— Ты теперь важный мальчик, Содном, пожалуйста, не забывай меня. Когда-нибудь я приеду на своих бычках в Ургу, и ты меня не узнаешь.
В полдень князю подвели коня. На нем была серебряная сбруя и бесчисленные амулеты. Я удивился этой бесполезной красоте. Дорчжи-Палма сделал вид, что нас обнимает, и шепнул:
— Если князь будет недоволен, я срежу вам уши.
На его грубом и равнодушном лице сияла вежливая улыбка.
Соседи выстроились у выезда на дорогу, и каждый говорил нам что-нибудь утешительное. В последнюю минуту пришла беременная женщина и, ударяя рукой по груди, крикнула:
— Мой ребенок вырастет таким же счастливцем, как вы.
Она требовала, чтобы мы притронулись головой к ее громадному животу, тогда приплод будет удачливым. Ее насилу оттащили от нас.
Мы тронулись в путь. До темноты моя мать бежала за обозом. Мы слышали ее крики, зовы и плач. Я не видел ее лица, потому что нам не позволяли оборачиваться. Ночью шум материнской заботы затих, мы догадались, что она повернула обратно. Больше мне не пришлось с ней встретиться.
Дороги я не помню. Скрипенье каната, протянутого сквозь телеги, убаюкивало меня. Я часто засыпал и плакал во сне. В телеге было жестко и душно.
Через шесть суток мы въехали в Ургу — дощатую резиденцию Богдо-Гегена. Красные шары, висящие на шестах, блеснули на закате дня. На холме мы увидели второй город, спускавшийся книзу сотнями серых келий, заборов, храмов и площадей, — это был монастырь Гандан. За ним помещались дворы нашего князя.
Глава вторая
Богдо-Геген, столицей которого считалась Урга, был первым монахом буддийской церкви. Вам, наверно, приходилось о нем слышать. Младенцем он был привезен из Тибета и провозглашен святым. Двадцать пять лет назад, когда китайская империя распалась, Богдо-Геген сделался светским повелителем нашей страны. Это был вздорный, неуравновешенный человек, любивший удивлять народ пьяными кутежами, запрещенными желтой религией. Он плохо видел, скучал и придумывал для себя различные забавы. Иногда он подходил к большому дворцовому окну, под которым толпились верующие, и, бросая вниз деньги, платки и комнатный сор, с хохотом следил за борьбой, которая начиналась внизу. Он жил над берегом реки Толы, у него были придворные, министры, телефон и домашний зверинец.
Даши-Церин, владетельный князь Харагинского удела, занимал важный пост в одном из министерств Богдо-Гегена. Ко времени, когда мы у него поселились, он достиг пятидесяти лет. По виду он был грузный мужчина, с низкой шеей, на которой сидела безбровая голова. Его красные глаза, напоминающие глаза собаки, имели привычку коситься на собеседника. Он поселился в столице через год после провозглашения монгольской автономии и долго ворчал на новые веяния, не понимая, как можно жить без указки из Пекина — исконной столицы степной Азии.

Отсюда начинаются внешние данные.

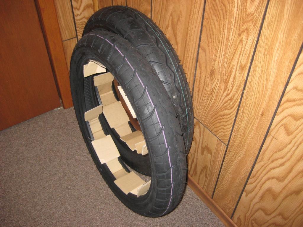 Bought some replacement tires, Shinko 230's front and rear. Price was right and they seem better than what I have on the rims currently.

Три года назад князь Даши-Церин выехал по одному ему известным делам в Пекин и жил там несколько месяцев. Его желтый рыдван с перламутровыми ромашками часто видели возле дворцов китайских сановников, где шли пиры в честь президента Юань Ши-кая, объявившего себя императором.
В эти дни «четырежды предавший», как называют историки Юань Ши-кая, раздавал темным людям титулы маркизов, виконтов и кавалеров легкой колесницы. Обезумевший от успеха, он назначал бывших денщиков армейскими генералами. Для четырех своих собутыльников он учредил верховный совет, дав ему имя — Друзья Сосновой Горы.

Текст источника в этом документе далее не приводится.